Department of Geoinformatics, University of Salzburg, 5020 Salzburg, Austria.
Center for Geographic Analysis, Harvard University, Cambridge, MA 02138, USA.
Sensors (Basel). 2019 Sep 3;19(17):3805. doi: 10.3390/s19173805.
There is a rich repertoire of methods for stress detection using various physiological signals and algorithms. However, there is still a gap in research efforts moving from laboratory studies to real-world settings. A small number of research has verified when a physiological response is a reaction to an extrinsic stimulus of the participant's environment in real-world settings. Typically, physiological signals are correlated with the spatial characteristics of the physical environment, supported by video records or interviews. The present research aims to bridge the gap between laboratory settings and real-world field studies by introducing a new algorithm that leverages the capabilities of wearable physiological sensors to detect moments of stress (MOS). We propose a rule-based algorithm based on galvanic skin response and skin temperature, combing empirical findings with expert knowledge to ensure transferability between laboratory settings and real-world field studies. To verify our algorithm, we carried out a laboratory experiment to create a "gold standard" of physiological responses to stressors. We validated the algorithm in real-world field studies using a mixed-method approach by spatially correlating the participant's perceived stress, geo-located questionnaires, and the corresponding real-world situation from the video. Results show that the algorithm detects MOS with 84% accuracy, showing high correlations between measured (by wearable sensors), reported (by questionnaires and eDiary entries), and recorded (by video) stress events. The urban stressors that were identified in the real-world studies originate from traffic congestion, dangerous driving situations, and crowded areas such as tourist attractions. The presented research can enhance stress detection in real life and may thus foster a better understanding of circumstances that bring about physiological stress in humans.

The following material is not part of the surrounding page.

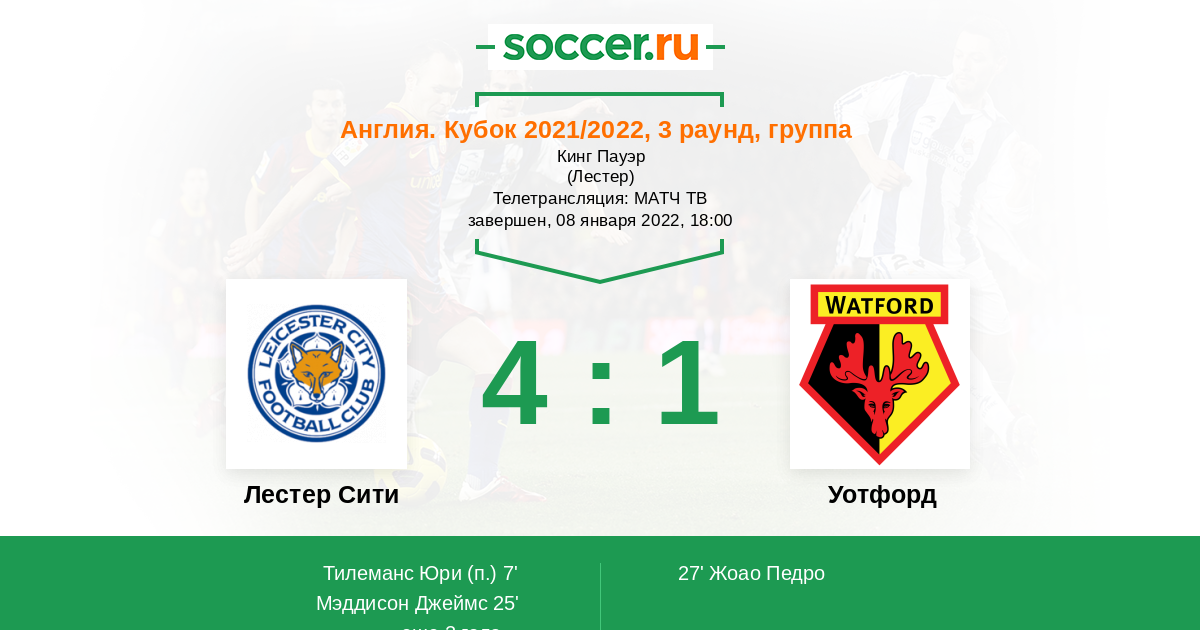 Но во главе «Уотфорда» — Раньери. Человек, оказавший на судьбу «Лестера» самое сильное влияние. Так что возможно всё. Плюс на составы команд оказывает влияние эпидемия. Но если нужно сделать ставку, поставлю на проход «Лестера» в следующий раунд в основное время. «Уотфорд» всё-таки не «Ливерпуль». А Роджерс должен был сделать выводы из прежних ошибок»,
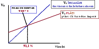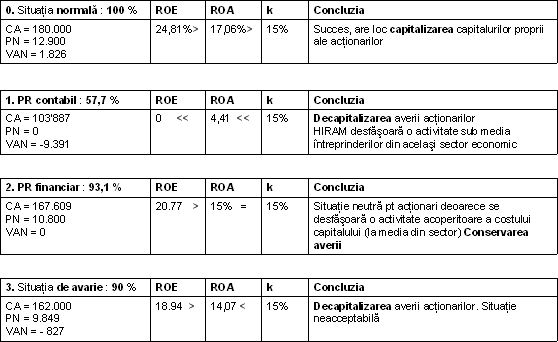 Asadar, marja de libertate pentru managementul intreprinderii se reduce considerabil, intre 100%, cat a fost apreciat ca activitate normala la inceput, la numai 93,1%. La acest nivel de activitate se reuseste recuperarea valorii initiale a capitalurilor actionarilor (VAN = 0):

有丰富的方法可以利用各种生理信号和算法来检测压力。然而,从实验室研究到真实环境的研究工作仍存在差距。只有少数研究验证了生理反应何时是参与者环境中的外在刺激的反应。通常,生理信号与物理环境的空间特征相关联,这得到了视频记录或访谈的支持。本研究旨在通过引入一种新的算法来弥合实验室环境和真实野外研究之间的差距,该算法利用可穿戴生理传感器的功能来检测压力时刻 (MOS)。我们提出了一种基于皮肤电反应和皮肤温度的基于规则的算法,将经验发现与专家知识相结合,以确保实验室环境和真实野外研究之间的可转移性。为了验证我们的算法,我们进行了一项实验室实验,以创建应激生理反应的“金标准”。我们通过空间关联参与者感知的压力、地理位置问卷以及视频中的相应真实情况,使用混合方法在真实野外研究中验证了该算法。结果表明,该算法以 84%的准确率检测 MOS,显示出可穿戴传感器测量的、问卷和电子日记条目报告的以及视频记录的压力事件之间的高度相关性。在真实世界研究中确定的城市压力源源于交通拥堵、危险驾驶情况以及拥挤的区域,如旅游景点。本研究可以增强现实生活中的压力检测,从而更好地理解导致人类生理压力的情况。